University of Bremen: Employee data protection as a competitive advantage

Many companies today are under enormous cost pressure. They can no longer allow themselves “idle times” of employees. To avoid this, companies often collect data from their employees in real time – mostly through targeted monitoring measures, for example location queries. This also gives companies access to the highly sensitive data of their employees. This can result in serious encroachments on the privacy of those affected.

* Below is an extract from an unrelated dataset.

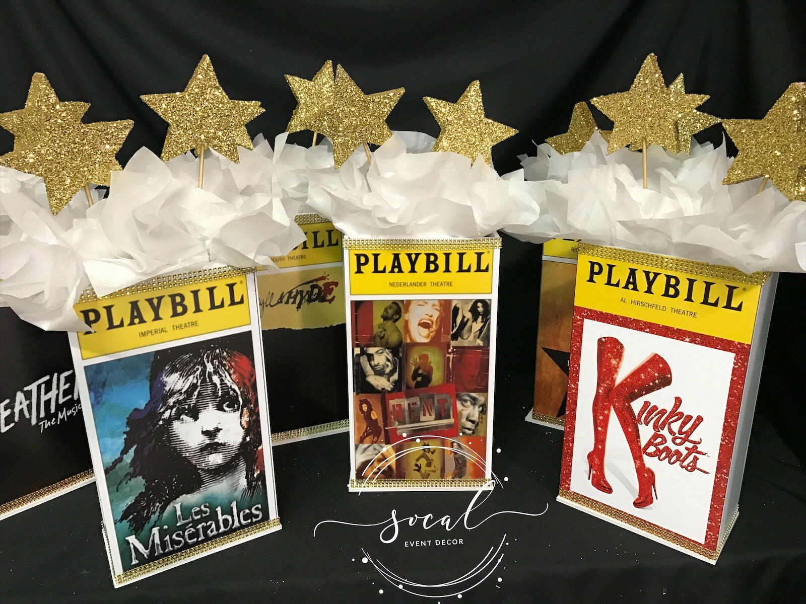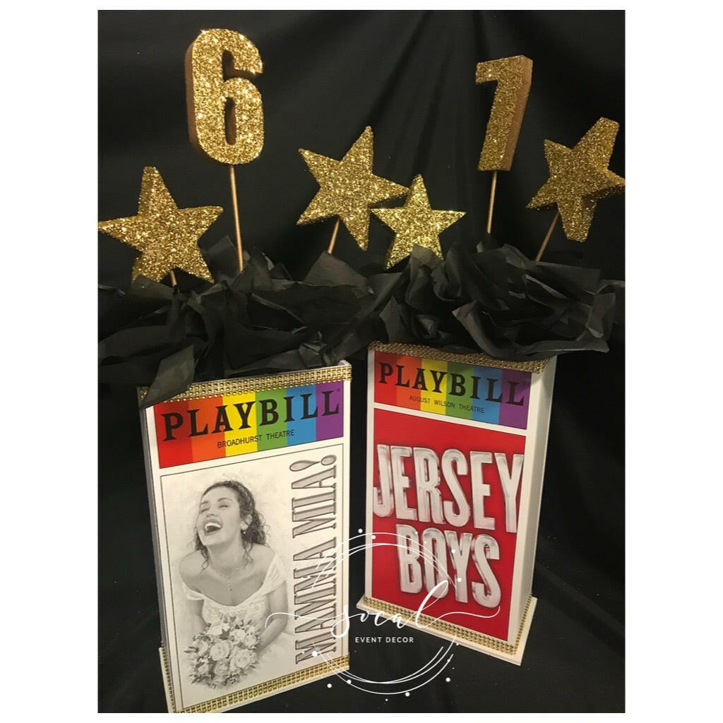 Theatre, Playbill and Entertainment Themed Centerpieces for Sweet 16, 21st, 30th, 40th, 50th Birthday Party
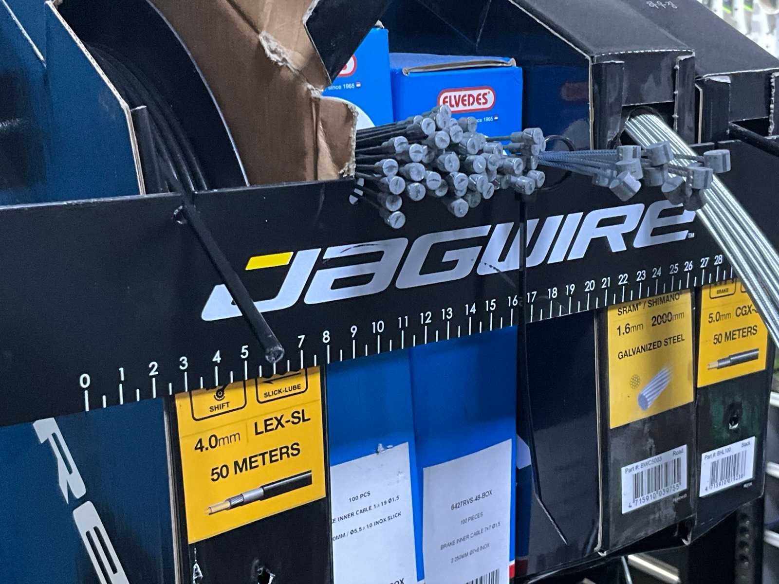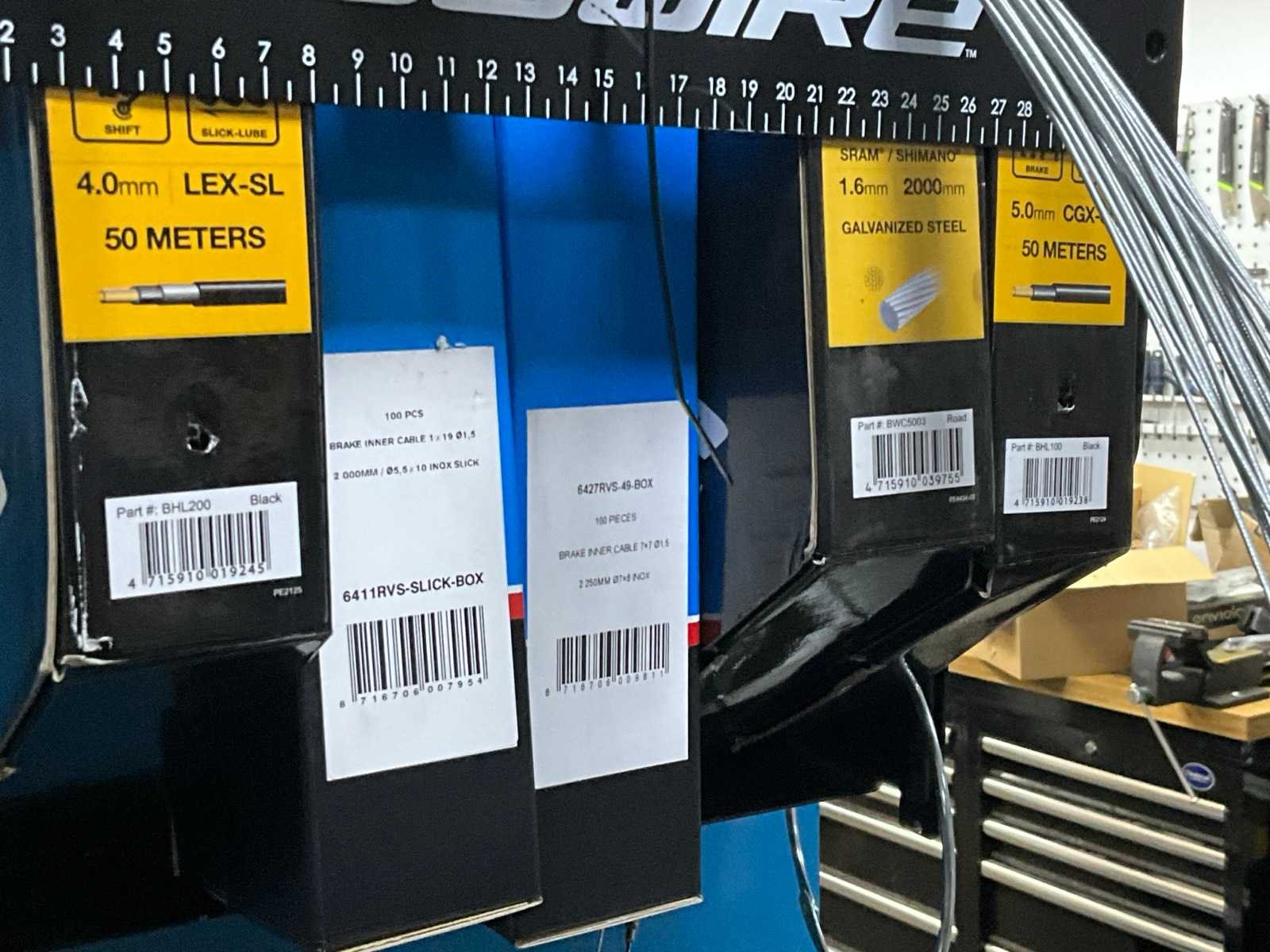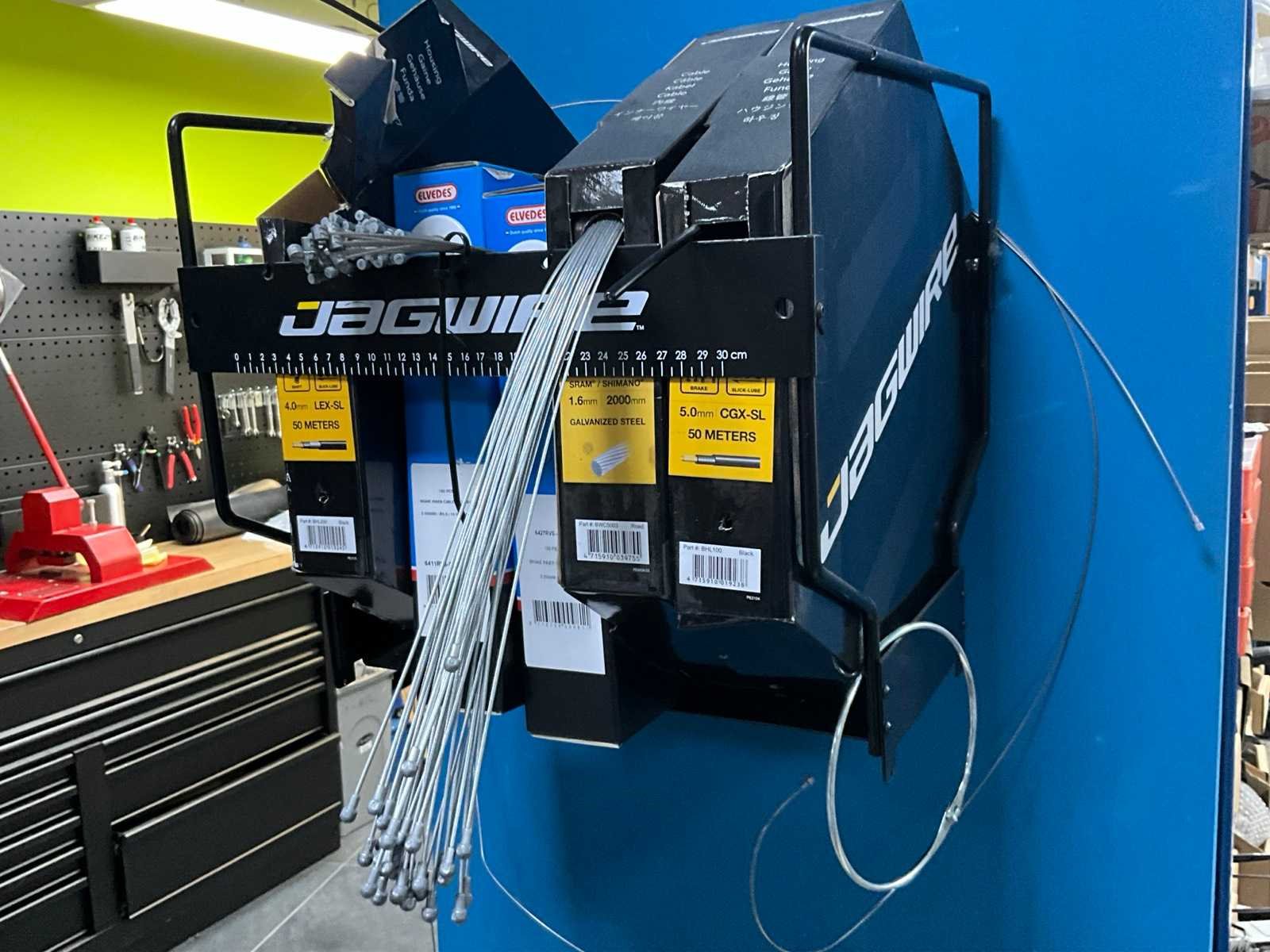 5 reeds aangebroken dozen remkabels waaronder Jagwire en Elvedes, In diverse maten en uitvoeringen, Compleet met muurbemonteerde metalen dispenserframe No

The inadequate protection of employee data by companies has repeatedly made headlines in various industries in the past. “Most recently, the food delivery services have come into the public eye,” says Janine Schleper from the University of Bremen, who works in the joint project “Success through employee data protection” (EduMiDa). “A violation of employee data protection is no longer a minor matter today. Rather, under the General Data Protection Regulation, companies are threatened with massive fines for violations, which in particularly serious cases can reach millions. “

However, many companies see the protection of employee data not as a challenge, but as a burden. “But it doesn’t have to be like that,” says Janine Schleper with certainty, “on the contrary, operational optimization and data protection can be combined and used together as an advantage!”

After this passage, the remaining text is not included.